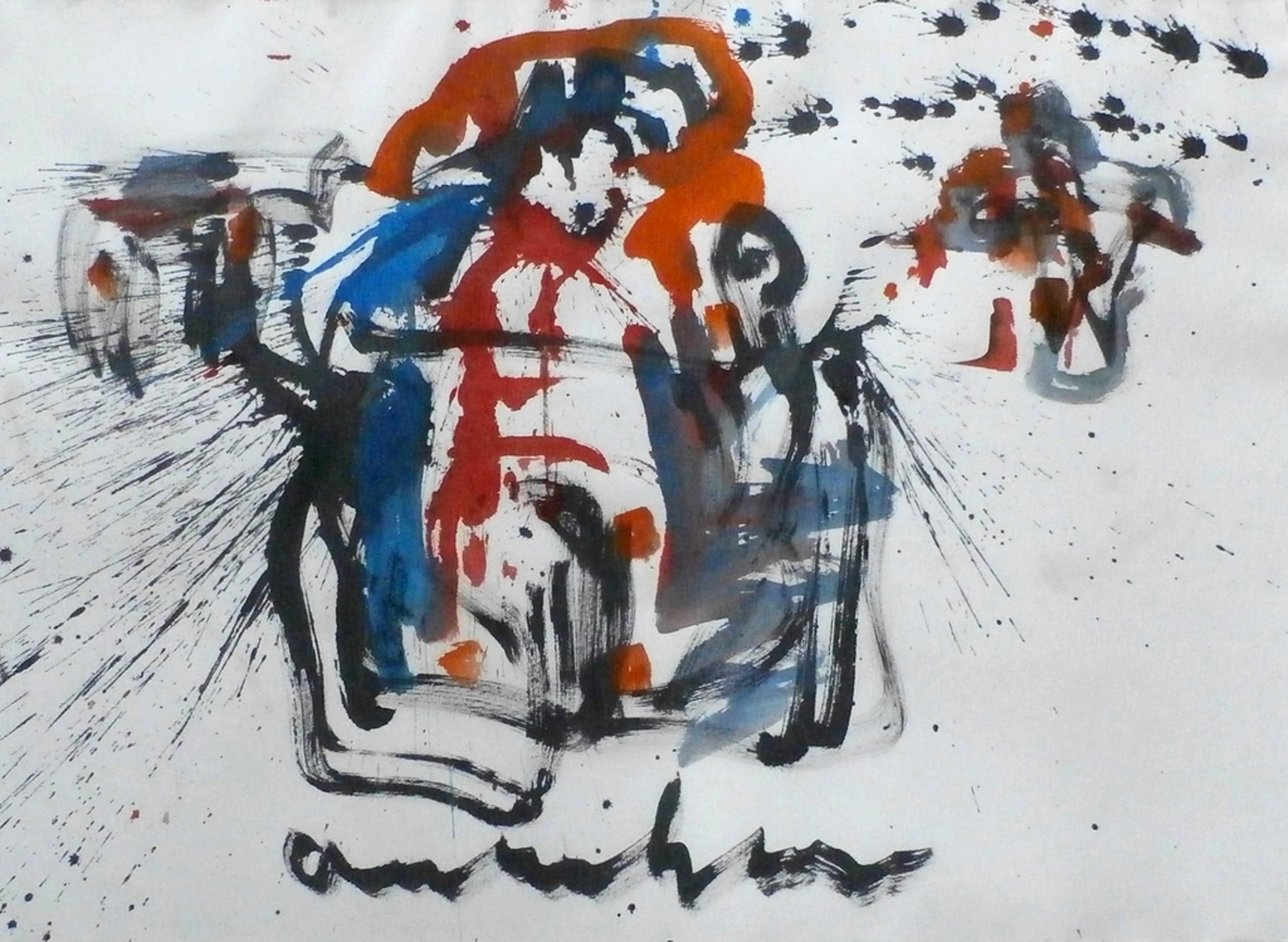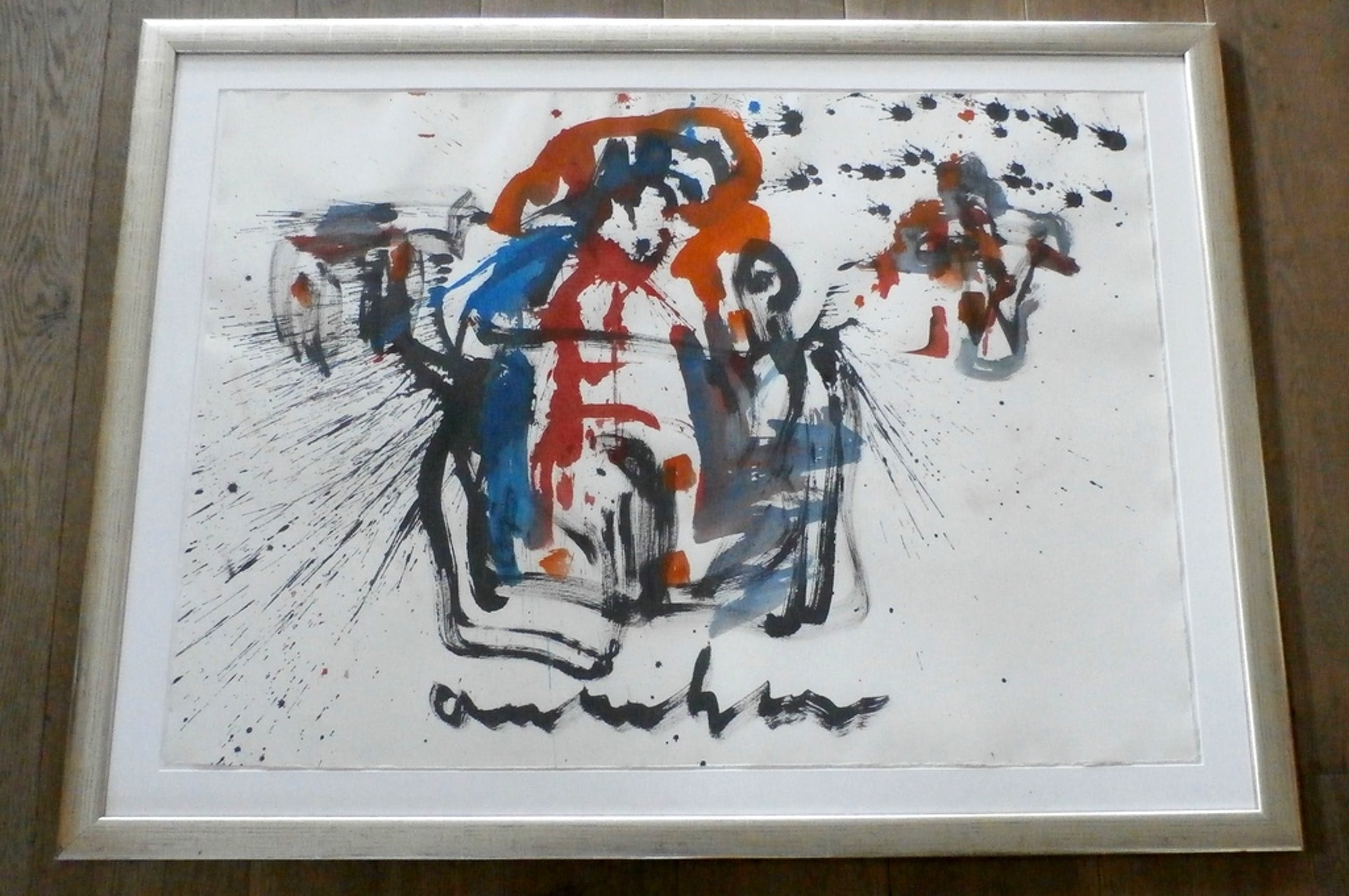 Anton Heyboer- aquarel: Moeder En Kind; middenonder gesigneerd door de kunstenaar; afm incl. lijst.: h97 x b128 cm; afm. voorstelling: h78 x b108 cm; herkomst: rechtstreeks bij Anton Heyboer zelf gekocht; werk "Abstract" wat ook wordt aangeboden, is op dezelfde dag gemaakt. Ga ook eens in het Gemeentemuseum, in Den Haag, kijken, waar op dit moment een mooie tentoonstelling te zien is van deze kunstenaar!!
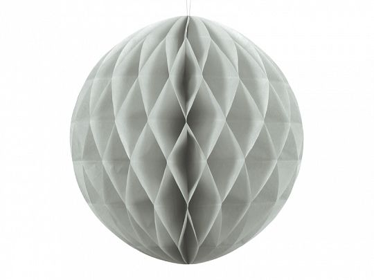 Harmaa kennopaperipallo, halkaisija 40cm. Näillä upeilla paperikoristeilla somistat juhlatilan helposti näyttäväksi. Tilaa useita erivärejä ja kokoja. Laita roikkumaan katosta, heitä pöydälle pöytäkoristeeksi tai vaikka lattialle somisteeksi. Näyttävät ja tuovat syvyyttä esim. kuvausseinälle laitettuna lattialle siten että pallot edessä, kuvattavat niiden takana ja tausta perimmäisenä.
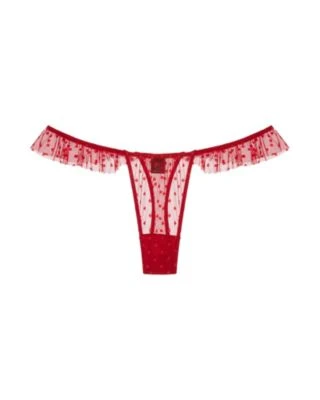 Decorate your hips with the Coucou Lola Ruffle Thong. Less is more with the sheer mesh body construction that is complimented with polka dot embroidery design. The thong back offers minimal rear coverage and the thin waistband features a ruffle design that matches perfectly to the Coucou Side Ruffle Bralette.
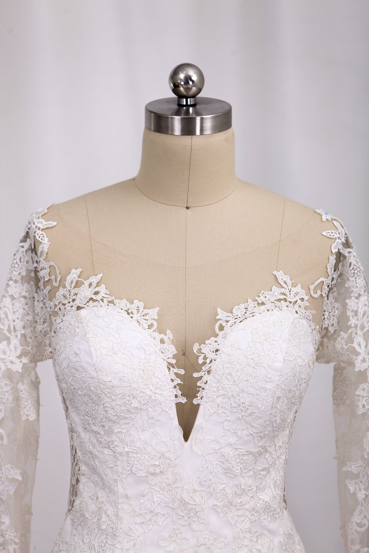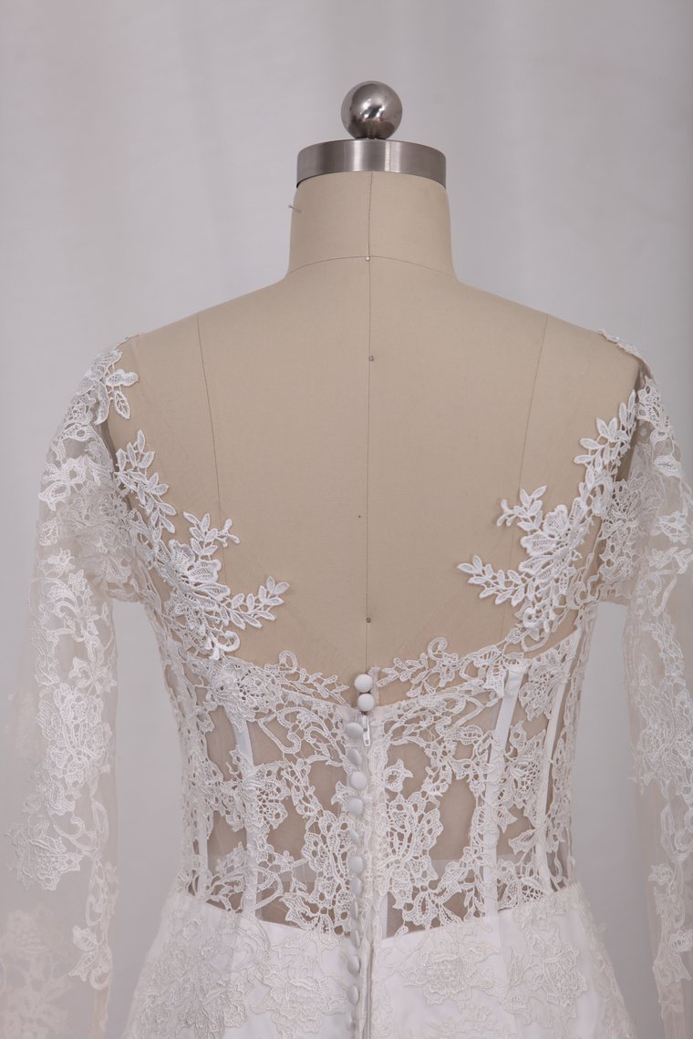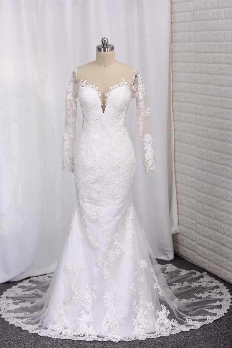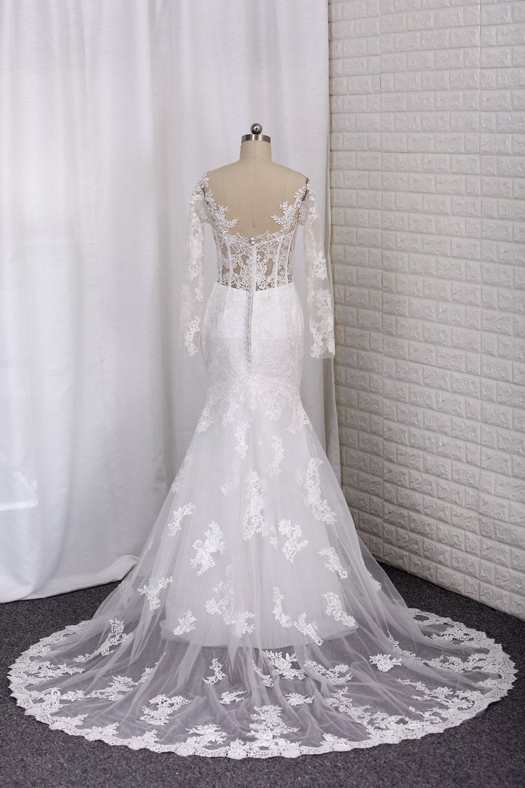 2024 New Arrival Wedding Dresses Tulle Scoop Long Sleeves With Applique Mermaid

##########

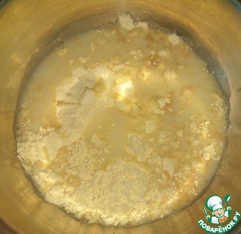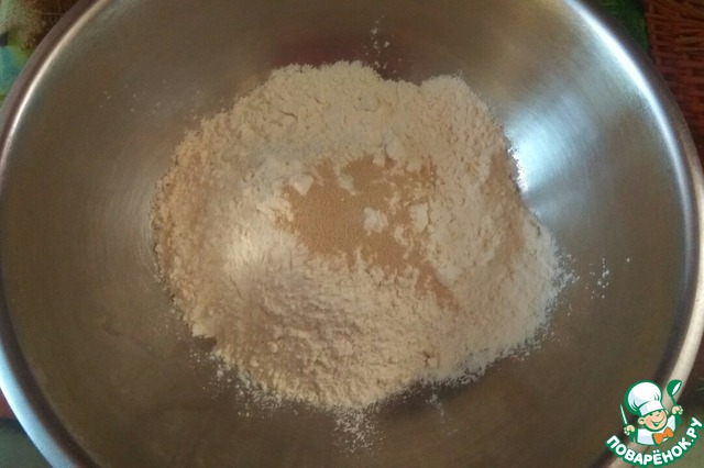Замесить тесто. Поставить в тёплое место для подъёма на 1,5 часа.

##########

- Instructions for the task -
Write out the lines above from the one with "Anton Heyboer- aquarel: Moeder" through the one with "2024 New Arrival", ends included, exactly; no picture goes in.

- Written answer -
 Anton Heyboer- aquarel: Moeder En Kind; middenonder gesigneerd door de kunstenaar; afm incl. lijst.: h97 x b128 cm; afm. voorstelling: h78 x b108 cm; herkomst: rechtstreeks bij Anton Heyboer zelf gekocht; werk "Abstract" wat ook wordt aangeboden, is op dezelfde dag gemaakt. Ga ook eens in het Gemeentemuseum, in Den Haag, kijken, waar op dit moment een mooie tentoonstelling te zien is van deze kunstenaar!!
 Harmaa kennopaperipallo, halkaisija 40cm. Näillä upeilla paperikoristeilla somistat juhlatilan helposti näyttäväksi. Tilaa useita erivärejä ja kokoja. Laita roikkumaan katosta, heitä pöydälle pöytäkoristeeksi tai vaikka lattialle somisteeksi. Näyttävät ja tuovat syvyyttä esim. kuvausseinälle laitettuna lattialle siten että pallot edessä, kuvattavat niiden takana ja tausta perimmäisenä.
 Decorate your hips with the Coucou Lola Ruffle Thong. Less is more with the sheer mesh body construction that is complimented with polka dot embroidery design. The thong back offers minimal rear coverage and the thin waistband features a ruffle design that matches perfectly to the Coucou Side Ruffle Bralette.
 2024 New Arrival Wedding Dresses Tulle Scoop Long Sleeves With Applique Mermaid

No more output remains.